* [Work task]:
Starting at the line with "大鉄免震レトロフィット工法は" and stopping at the final line, retype the data below exactly; do not carry over any pictures.

* [Provided material]:
----------------------------------------

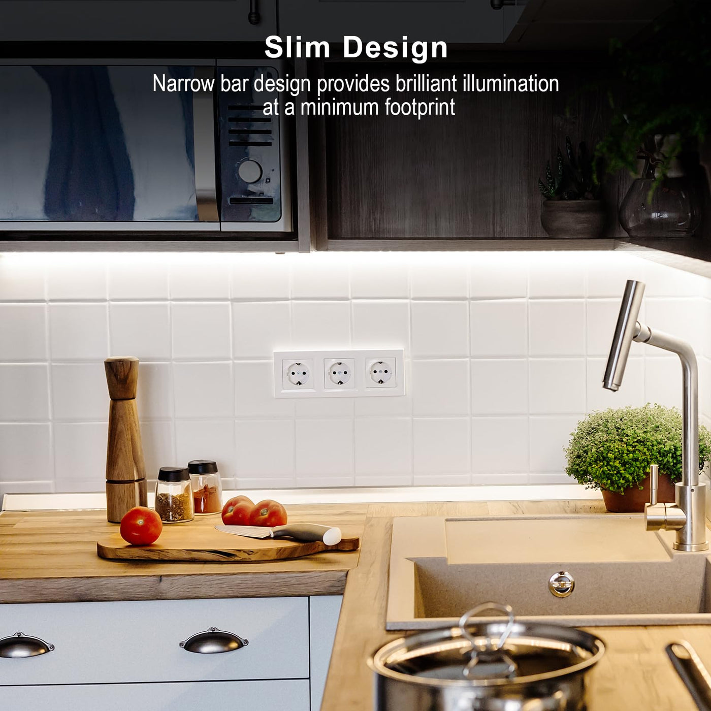 The Plug-In Led Light Bar With High Brightness Leds, 1200 Lumens(4 Pack), 6500K Cool White, Super Bright, Perfect To Light Your Kitchen Cabinets, Garage, Shelf Area, Closets, Desk, Workbench, Stairs, Etc.With A Touch Dimmer, Touch To Adjust Brightness And Turn On/Off. Long Touch To Adjust Brightness From 10%-100%, Short Touch To Turn On/Off.The Cabinet Lights Are Just 0.25-Inch Thin, Thin Enough To Hide Perfectly Under Your Cabinets, Counters Workspace, Etc, Making Your Lighting Look Very Neat And Clean.Suit For Kitchen, Bedroom, Cabinet, Closet, Wardrobe, Workspaces, Counter, Desk, Display, Showcase, Workshop, Garage, Stairs, Hallway, Storage Room, Etc.What Will You Get?Led Light Barx4Power Adapter X1Dimmer Switch X140Inch Extension Cord X2Some Double-Sided Tapessome Wire Clipsuser Manual X1
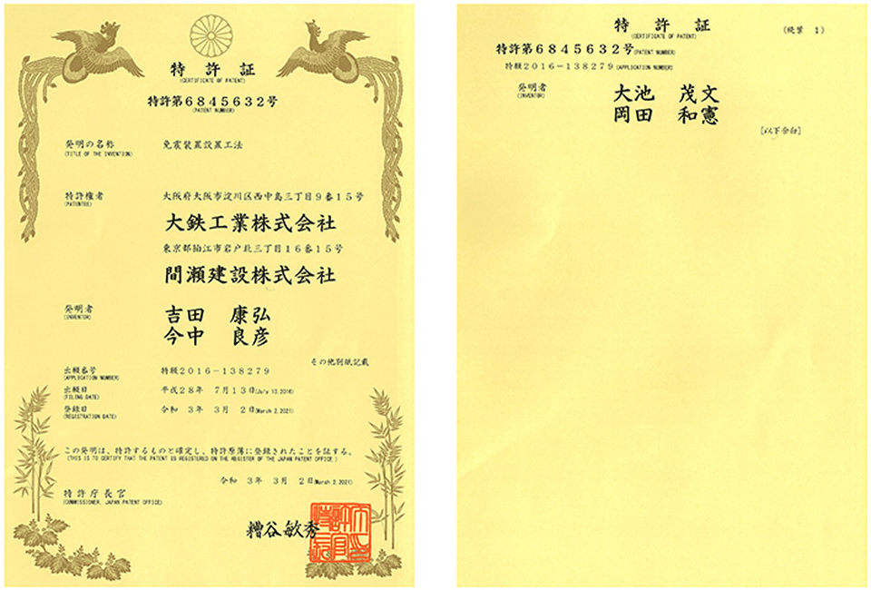大鉄免震レトロフィット工法は免震装置設置方法として、大鉄工業(株)、間瀬建設(株)2社の共同開発で特許を取得しました。
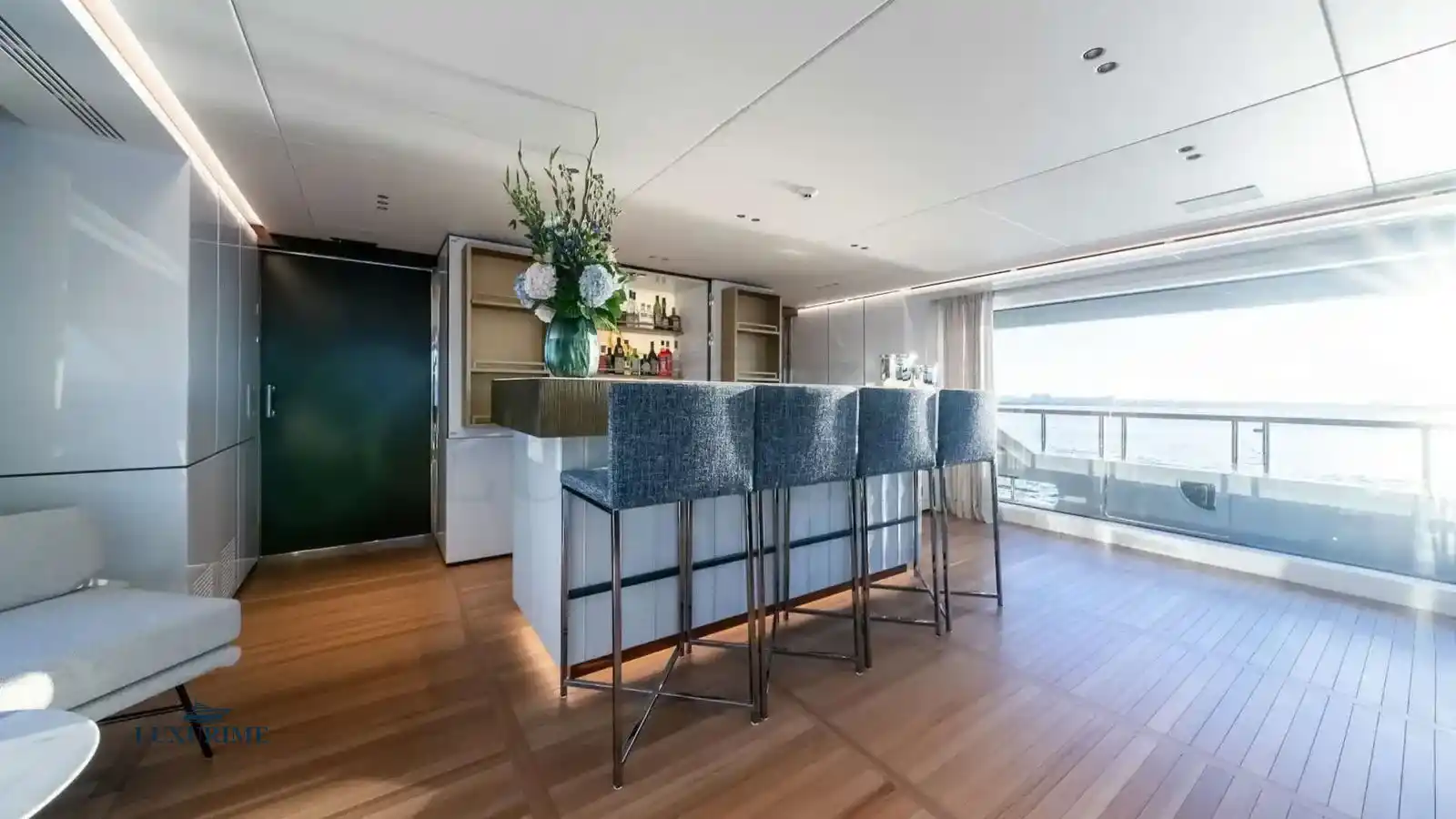 ALPHA WAVES is crewed by 9 highly trained professionals, including a private chef, deckhands, and a concierge team, ensuring every need is met with white-glove service.

----------------------------------------

* [Answer to this exercise]:
大鉄免震レトロフィット工法は免震装置設置方法として、大鉄工業(株)、間瀬建設(株)2社の共同開発で特許を取得しました。
 ALPHA WAVES is crewed by 9 highly trained professionals, including a private chef, deckhands, and a concierge team, ensuring every need is met with white-glove service.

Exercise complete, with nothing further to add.